I’ve just spent the past week in Korea. I had a week off work and i found a cheap ticket to Busan, Korea’s second city, and thought i’d catch up with some old friends and see a country that used to be home but i hadn’t seen for two years.
I arrived at Busan airport and stood at the bus stop waiting to be taken to the train station. I friendly Korean guy started chatting to me about Busan and travelling and Japan and i thought, “This is a decent welcome. Nice happy, friendly, people striking up conversations at bus stops.” Then he said something about “many problems” in the world and the “meaning of life” and he thrust some leaflets in my face about God and Jesus. It’s interesting to see just how fast you can change your opinion about a complete stranger. Thankfully he didn’t follow me onto the bus that zoomed its way through Busan which resembled a high rise city that recently fell out the sky and landed on the side of a load of misty green mountains next to the beach.
I didn’t stay long. I was aiming to meet up with some old friends in Seoul. It wasn’t until i arrived that i realised that Seoul was a bit of an old friend too, having lived there (on and off) for almost two years, and it dawned on me how much of the place i’d completely forgotten about. There are the middle aged men with bright pink polo shirts tucked into shiny black trousers with shiny black shoes and shiny black hair getting drunk on soju and barking at each other into the night. There are the cackling old perma-permed women laughing and joking wearing their purple floral print shirts selling food from street stalls. There are the nightclub salesmen trying to coerce young women into nightclubs and bars. There are the taxi drivers who honk and grumble if the car ahead isn’t breaking the speed limit or the bumper in front. There are the bus drivers who seem to be heavily involved in their own personal Grand Prix to see who can drive the fastest to the next red light. I’d forgotten about Seoul. It seems to live constantly at maximum revs, full speed, foot to the floor. Eat. Drink. Work. Sleep. Play. Fuck. Shop. Chat. Shout. Sing. It’s ferocious. And Korean people also seem to take the same approach with their emotions as they swing from Maximum Happy to Maximum Angry to Maximum Funny within minutes. Shades of grey don’t exist in Seoul. Just endless neon. But i remembered that that’s what i both like and dislike about it at the same time. People wear their hearts of the sleeves (and, quite often, their pockets, and jeans and shoelaces and anywhere there’s a free space) which is both entertaining and affirming and yet i doubt many people in Seoul ever thought, “Understated is underrated” or “Hmm, maybe that’s a bit loud.”

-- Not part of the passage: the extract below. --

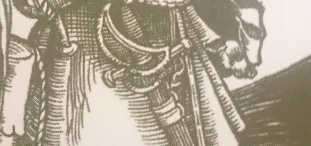 | The woodcut itself is German. The pommel is concealed by the arm of the horseman, but it might be star shaped or round. My colleagues say that it is a complex hilt katzbalger or similar german sword. |

So i met up with old friends and joined in. I ate too much and drank too much and slept too much and watched baseball too much and tried to do everything in excess. The weather joined in and it rained too much (then again, it is the rainy season) so the Han River was bursting its banks as the roads were bursting with cars and the shops and streets bursting with people. I didn’t really see anything that i hadn’t seen before apart from a few new buildings and i didn’t really eat or drink anything i hadn’t had before as Korean bbq is still damn tasty and Korean beer is still the worst in the entire world (seriously, they should be indicted on some kind of Health and Safety or criminal charges, it’s that bad) and that was Seoul. A nice few days doing too much of not much.
I ended where i started back in Busan on a Saturday night ready for my cheap flight back to Japan on the Sunday morning. Busan was covered in an eerie sunset mist that rolled off the sea and clung to the high rise next to the most famous strip of sand in Korea - Haeundae beach. The neon signs blinked in the shrouded darkening distance unsure of what they were advertising and which buildings they were attached to. Beneath them thousands of people went about their Saturday nights eating, drinking, laughing, crying, driving. Whatever it was they were doing, there was probably a surplus of it.